Note that there is another size misinterpretation in addr2line.c, which is fixed in the patch for #17823. I recommend it be applied also.

Updated by xtkoba (Tee KOBAYASHI) 4 months ago

Now I can reproduce this on my qemu-user-emulated powerpc64le-linux-musl environment:

$ powerpc64le-musl-qemu -strace ./miniruby -e 'Process.kill :SEGV, $$'
(...)
24209 readlink("/proc/self/exe",0x0000004000490bd8,4096) = 75
24209 open("/var/tmp/ruby/xxxxxxxxxxxxxxxxxxxxxxxxxxxxxxxxxxxxxxxxxxxxxxxxxxxx/miniruby",O_RDONLY|O_LARGEFILE) = 5
24209 _llseek(5,0,0,0x0000004004160a70,SEEK_END) = 0
24209 _llseek(5,0,0,0x0000004004160a70,SEEK_SET) = 0
24209 mmap(NULL,24128544,PROT_READ,MAP_SHARED,5,0) = 0x000000400566b000
24209 close(5) = 0
--- SIGSEGV {si_signo=SIGSEGV, si_code=1, si_addr=NULL} ---
qemu: uncaught target signal 11 (Segmentation fault) - core dumped
Segmentation fault

And it turns out that the patch attached in #note-9 is not enough to resolve this. I'm going to try to debug addr2line.c further.

Updated by xtkoba (Tee KOBAYASHI) 4 months ago

It turns out that DW_FORM_ref_addr is not interpreted correctly. A patch is attached to just ignore that form (and other forms that are not supposed to be used currently in addr2line.c). This ignorance does not seem to affect the quality of C backtrace printing very much, and so I am not going to add the interpretation of currently ignored forms for now.
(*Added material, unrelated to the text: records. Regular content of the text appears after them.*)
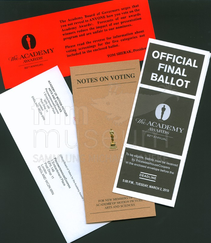 enthält: Unausgefüllter und nicht abgesendeter Stimmzettel für die 82. Oscarverleihung 2010, inkl. Rücksendekuvert an "PriceWaterhouse" sowie eine Broschüre "Notes on Voting", die Anmerkungen und Richtlinien zur Stimmabgabe enthält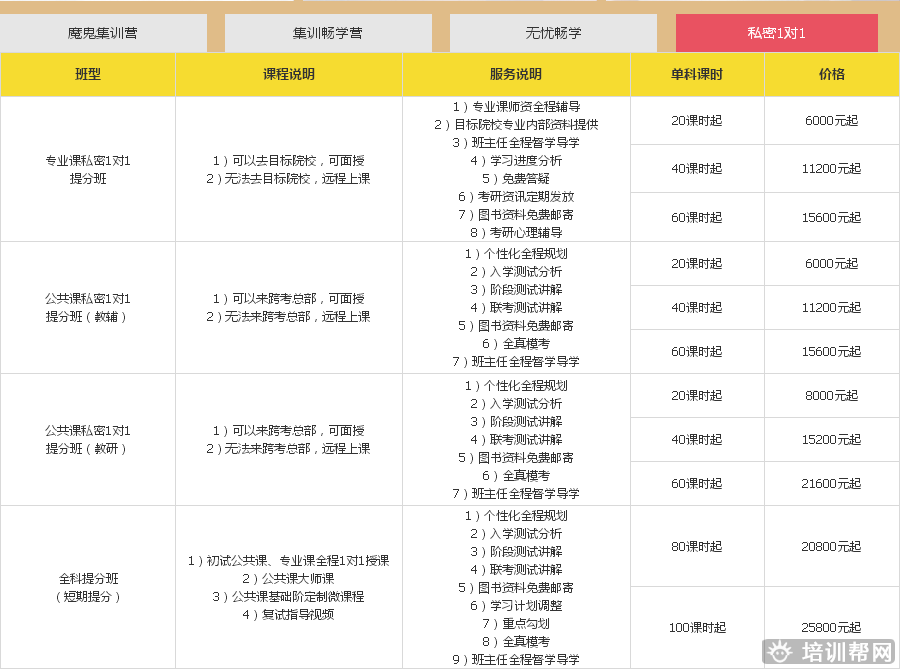 白班、晚班、业余制班、周末班、一对一定制课程(详情请咨询顾问)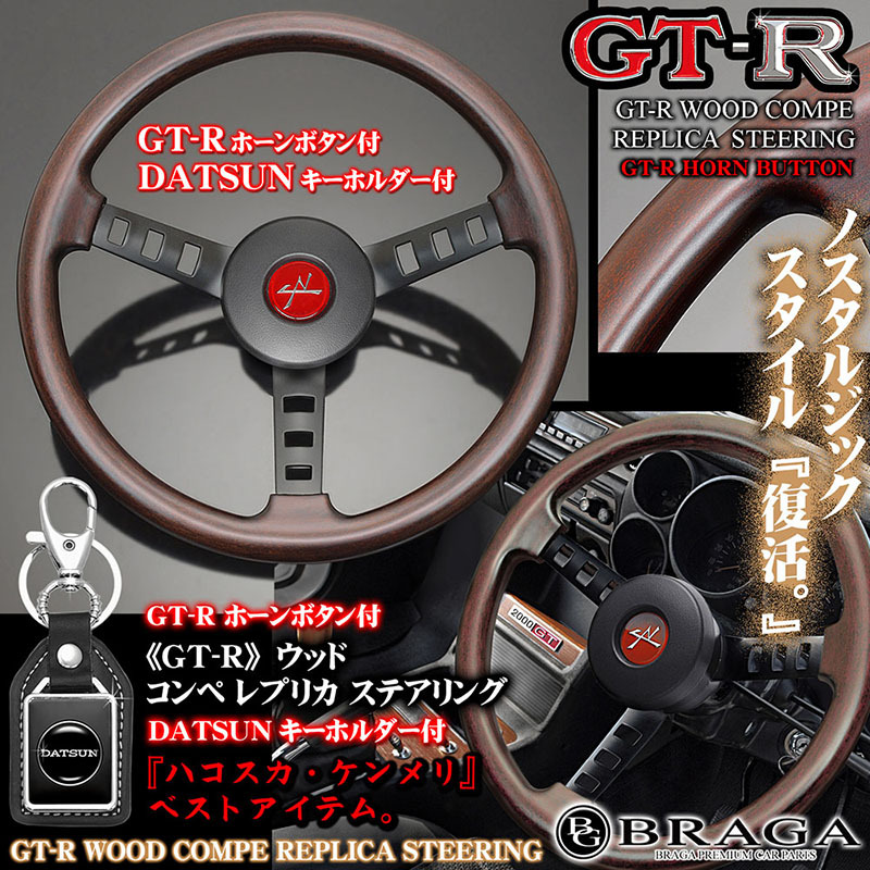 > GT-R/ケンメリ/スカイライン/天然ウッド コンペ レプリカ ステアリング【Rホーンボタン付/DATSUNキーホルダー付】旧車/絶版車ハンドル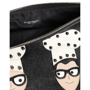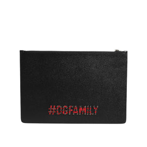 Dolce & Gabbana Black Leather #DGFAMILY Embellished Men Clutch Pouch Bag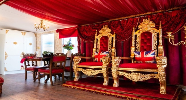 Bên trong khu nghỉ là phòng ngai vàng thu nhỏ mô phỏng căn phòng trong điện Buckingham, nơi Nữ hoàng Elizabeth ở và làm việc. Bộ ghế ngồi được bọc vải nhung đỏ đặc trưng, và đặt thêm gối tựa in hình lá cờ Anh. |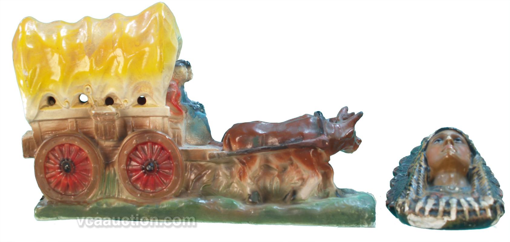 Lot Of 2 Chalkware Items: Covered Wagon Lamp, Works & Indian Maiden Face C. 1900.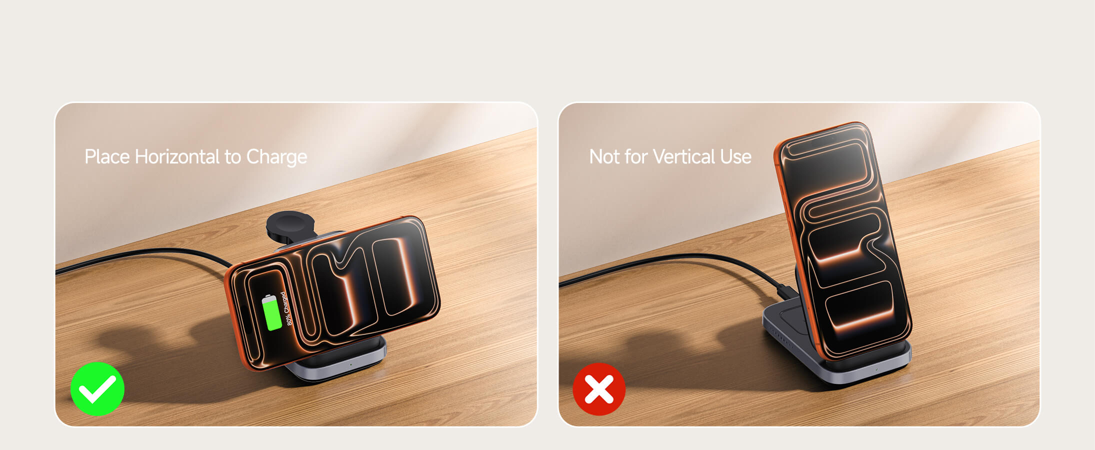 • Horizontal Phone Charging: Charge your phone in landscape mode for comfortable video viewing or browsing while charging.

FYI, the forms that can be used for a value of DW_AT_abstract_origin are described in 7.5.5 of DWARF 5 specification (pp.217--218 in DWARF5.pdf).

Actions #12

Updated by xtkoba (Tee KOBAYASHI) 4 months ago

  • Status changed from Open to Closed

Applied in changeset git|72317b333b85eed483ad00bcd4f40944019a7c13.


Ignore DW_FORM_ref_addr [Bug #17052]

Ignore DW_FORM_ref_addr form and other forms that are not supposed
to be used currently.

Updated by vo.x (Vit Ondruch) 4 months ago

  • Status changed from Closed to Open

Thank you for looking into this.

Unfortunately, I have tried git|72317b333b85eed483ad00bcd4f40944019a7c13 and I see no difference.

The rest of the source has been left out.